Freedom 25

Development
- Designer: Garry Hoyt
- Location: United States
- Year: 1980
- Builder: Freedom Yachts/Tillotson Pearson
- Name: Freedom 25

Boat
- Displacement: 3,500 lb (1,588 kg)
- Draft: 4.42 ft (1.35 m)

Hull
- Type: Monohull
- Construction: Fiberglass
- LOA: 25.67 ft (7.82 m)
- LWL: 20.00 ft (6.10 m)
- Beam: 8.50 ft (2.59 m)
- Engine: Optional diesel engine or Outboard motor

Hull appendages
- Keel: fin keel
- Ballast: 1,025 lb (465 kg)
- Rudder: transom-mounted rudder

Rig
- Rig type: Cat rig

Sails
- Sailplan: Catboat
- Total sail area: 260 sq ft (24 m^{2})

Racing
- PHRF: 210 (average)

= Freedom 25 =

Sailboat class

The Freedom 25 is an American sailboat that was designed by Garry Hoyt as a single-handed racer-cruiser and first built in 1980.

==Production==
The design was built by Tillotson Pearson for Freedom Yachts in the United States, but it is now out of production.

==Design==
The Freedom 25 is a recreational keelboat, built predominantly of fiberglass, with wood trim. It has a catboat rig or optional fractional sloop rig with a staysail, a spooned raked stem, a vertical transom, a transom-hung rudder controlled by a tiller and a fixed fin keel. It carries 1025 lb of lead ballast.

The spars are carbon fiber. The mast is unstayed, and on earlier models, has a rotating airfoil cross-section shape. The mainsail is fully battened and lowers into lazy jacks. A spinnaker is used, flown from an unusual pole that extends though a "gun mount" sleeve mounted to the steel framed pulpit and is not attached to the mast unlike the usual spinnaker pole. This arrangement means that spinnaker winches are not needed and the spinnaker can be raised from the cockpit. The spinnaker pole retracts when not in use, stowing along the lifeline.

The boat has a draft of 4.42 ft with the standard keel fitted.

The boat is fitted with an optional diesel engine or a small outboard motor for docking and maneuvering. The fuel tank holds 10 u.s.gal and the fresh water tank has a capacity of 10 u.s.gal.

The accommodations consist of two cabin berths that are partly under the cockpit and a forward "V"-berth. There is a small galley fitted, with a two-burner alcohol stove, portable cooler and a private head. The cabin sole is teak and holly, while the bulkheads and other trim are painted white or made from ash.
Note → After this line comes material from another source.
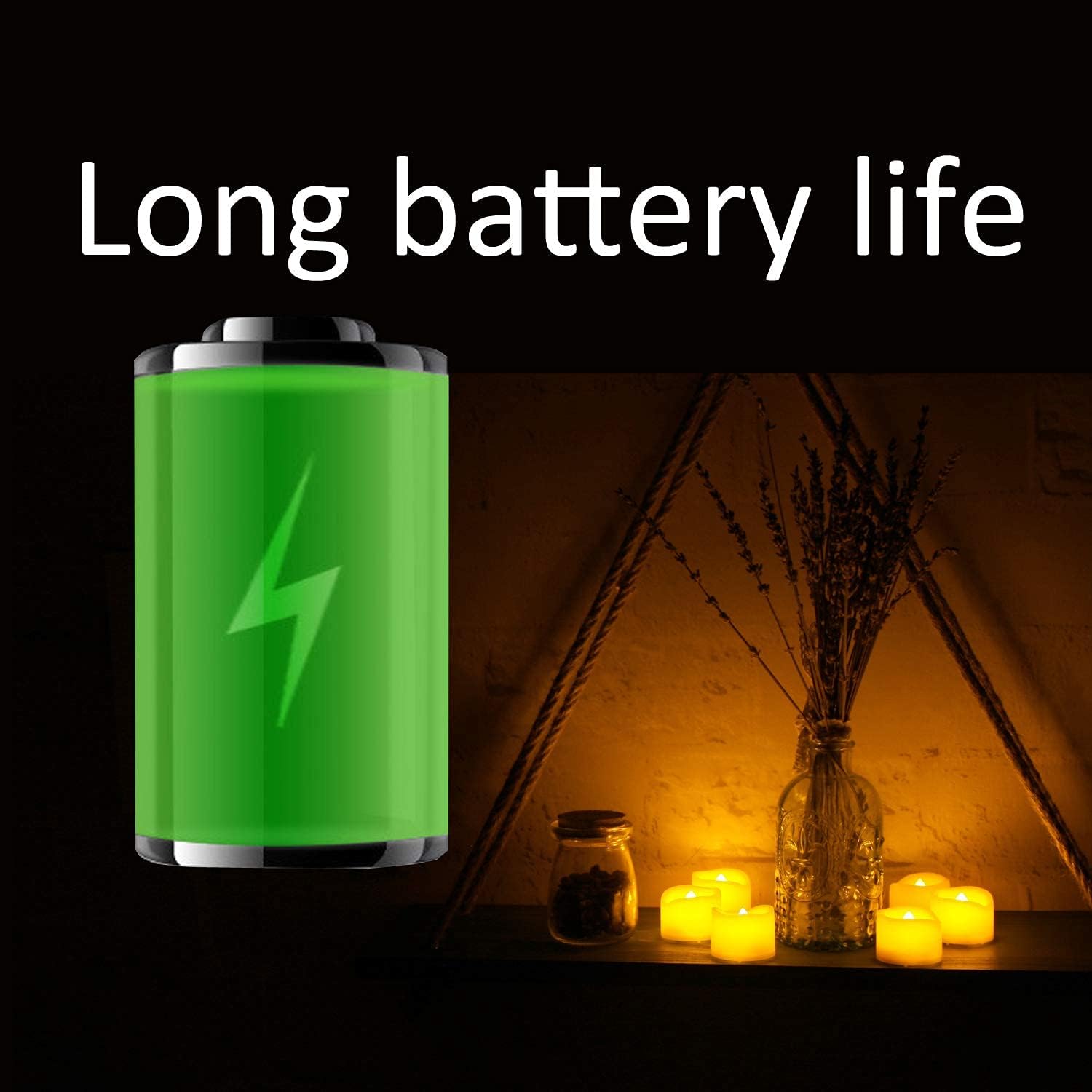 • Long lasting battery candles. 200 glowing hours on one CR2032 button cell is among the longest battery life in the market. With the energy saving technology, the LED tealight candles give off bright light on minimum battery consumption.

The design has a hull speed of 5.99 kn.

==Operational history==
In a 2010 review Steve Henkel wrote, "Garry Hoyt, main designer and marketer of the Freedom line of sailboats, is known as a free thinker when it comes to sailboat design. The Freedom 25, with her full-battened mainsail, small 'staysail' jib, 'gunmount' spinnaker handling gear, and unstayed mast, is a good example of the fruition of Hoyt's thinking. Hoyt says full-length battens have several advantages, the main one being ease of reefing, 'A sailor wants a sail he can get up and get down quickly, a sail that is easy to handle, can be reefed easily, and provides acceptable performance.' The fully battened sails are quieter too. The little jib, which was an option on new boats, improves upwind performance in light air. The gunmount makes using a spinnaker a singlehanded job: one sailor can hoist, jibe, and douse the spinnaker without ever leaving the cockpit. The unstayed mast simplifies the rig and makes getting underway faster. Best features: Besides the above, the cockpit is deep and comfortable, with good back support. Worst features: The wing mast and sail sleeves on early boats didn't work out. Consequently, a conventional sailtrack on a round mast was used on most production."

==Variants==
- Freedom 25 Staysail
This model was introduced in 1980. It displaces 3920 lb and carries 1025 lb of ballast. The boat has a PHRF racing average handicap of 213 with a high of 198 and low of 228.
- Freedom 25
This model was introduced in 1981. It displaces 3500 lb and carries 1025 lb of ballast. The boat has a PHRF racing average handicap of 210 with a high of 237 and low of 201.